Fibroblast growth factor-2 inhibits endothelial cell apoptosis by Bcl-2-dependent and independent mechanisms.

A Karsan 1, E Yee 1, G G Poirier 1, P Zhou 1, R Craig 1, J M Harlan 1
PMCID: PMC1858363  PMID: 9403728

Abstract

Intact endothelium acts as a sensor and transducer of signals and also provides a nonthrombogenic surface at the blood-vascular wall interface. Hence, mechanisms that maintain the integrity of the endothelium are of interest in physiological and pathological states. In this study we show that apoptosis induced by growth factor and serum deprivation of endothelial cells occurs at all phases of the cell cycle and can be blocked by fibroblast growth factor-2 (FGF-2) independently of its mitogenic activity.
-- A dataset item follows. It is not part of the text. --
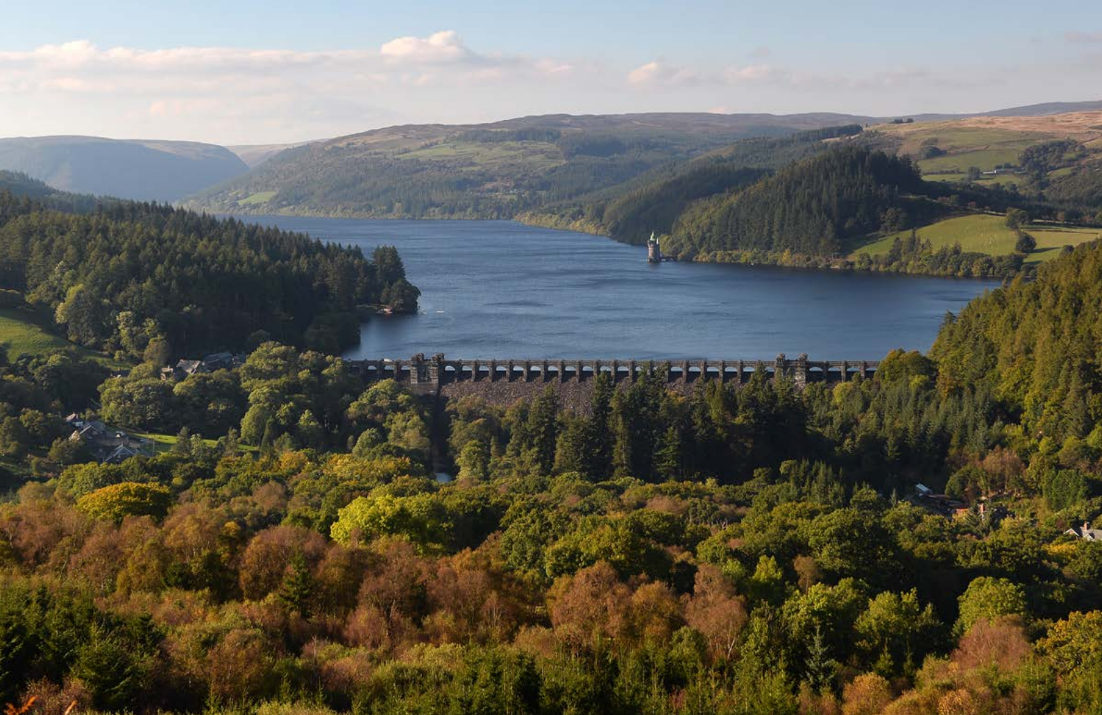
Lake Vyrnwy, Glyndwr's Way

As the Bcl-2 family of proteins plays a prominent role in regulating cell survival, we attempted to identify Bcl-2 homologues expressed in endothelial cells. Here we demonstrate that, in addition to the previously identified A1, four other members of the Bcl-2 family, Bcl-2, Mcl-1, Bcl-X(L), and Bax, are expressed in endothelial cells. Of these family members, only Bcl-2 is induced by FGF-2. Overexpression of Bcl-2, using a retroviral vector, protects endothelial cells from serum and growth factor deprivation. There is no difference in FGF-2-induced proliferation between Bcl-2-overexpressing cells and those transduced with the empty retroviral vector. At early time points Bcl-2 is not up-regulated, but FGF-2 still has a protective effect. However, FGF-2 protects only adherent endothelial cells but not those that are cultured in suspension. The early effect of FGF-2 is dependent on tyrosine phosphorylation but not on activation of the MAP kinase pathway. Thus, FGF-2 inhibits endothelial cell apoptosis by Bcl-2-dependent and independent mechanisms.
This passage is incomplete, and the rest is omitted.